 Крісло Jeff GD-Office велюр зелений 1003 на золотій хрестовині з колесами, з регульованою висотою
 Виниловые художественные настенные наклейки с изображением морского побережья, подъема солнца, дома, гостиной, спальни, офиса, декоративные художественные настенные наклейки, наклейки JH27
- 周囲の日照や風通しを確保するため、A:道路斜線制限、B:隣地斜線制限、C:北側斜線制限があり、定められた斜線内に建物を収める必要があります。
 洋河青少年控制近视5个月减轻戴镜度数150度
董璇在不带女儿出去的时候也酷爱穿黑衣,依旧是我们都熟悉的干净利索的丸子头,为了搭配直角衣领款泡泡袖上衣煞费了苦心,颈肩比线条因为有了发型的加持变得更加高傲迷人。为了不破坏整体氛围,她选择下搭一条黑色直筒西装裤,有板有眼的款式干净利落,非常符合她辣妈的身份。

==

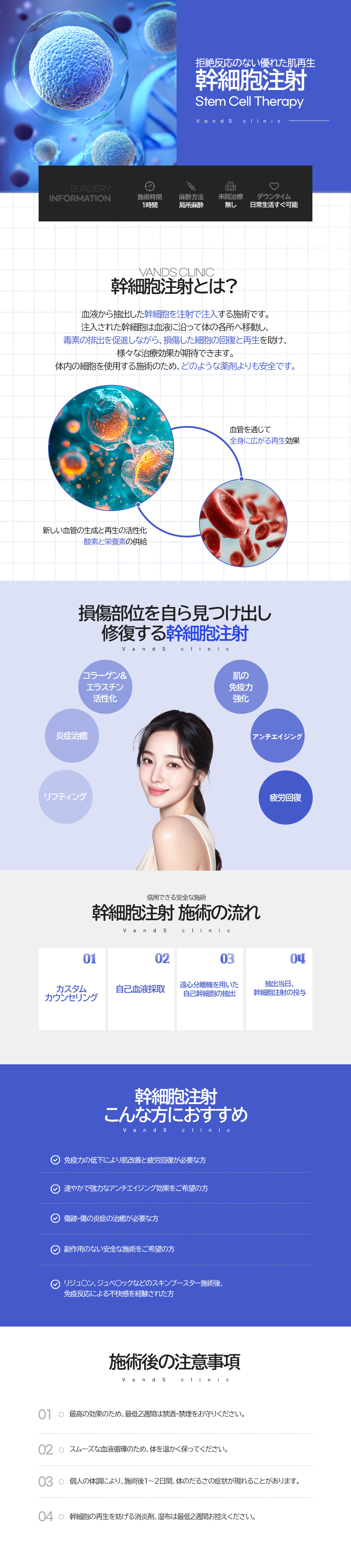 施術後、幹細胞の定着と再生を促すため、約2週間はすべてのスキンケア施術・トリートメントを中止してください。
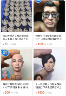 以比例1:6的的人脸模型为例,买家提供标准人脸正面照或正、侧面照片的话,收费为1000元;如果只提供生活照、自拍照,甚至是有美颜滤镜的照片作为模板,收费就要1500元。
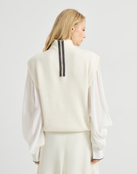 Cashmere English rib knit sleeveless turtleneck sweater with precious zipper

Problem requirements –
Look through the data above and return exactly the lines from the one that contains "Виниловые художественные настенные" to the one that contains "洋河青少年控制近视5个月减轻戴镜度数150度", inclusive, with nothing else.

Reply –
 Виниловые художественные настенные наклейки с изображением морского побережья, подъема солнца, дома, гостиной, спальни, офиса, декоративные художественные настенные наклейки, наклейки JH27
- 周囲の日照や風通しを確保するため、A:道路斜線制限、B:隣地斜線制限、C:北側斜線制限があり、定められた斜線内に建物を収める必要があります。
 洋河青少年控制近视5个月减轻戴镜度数150度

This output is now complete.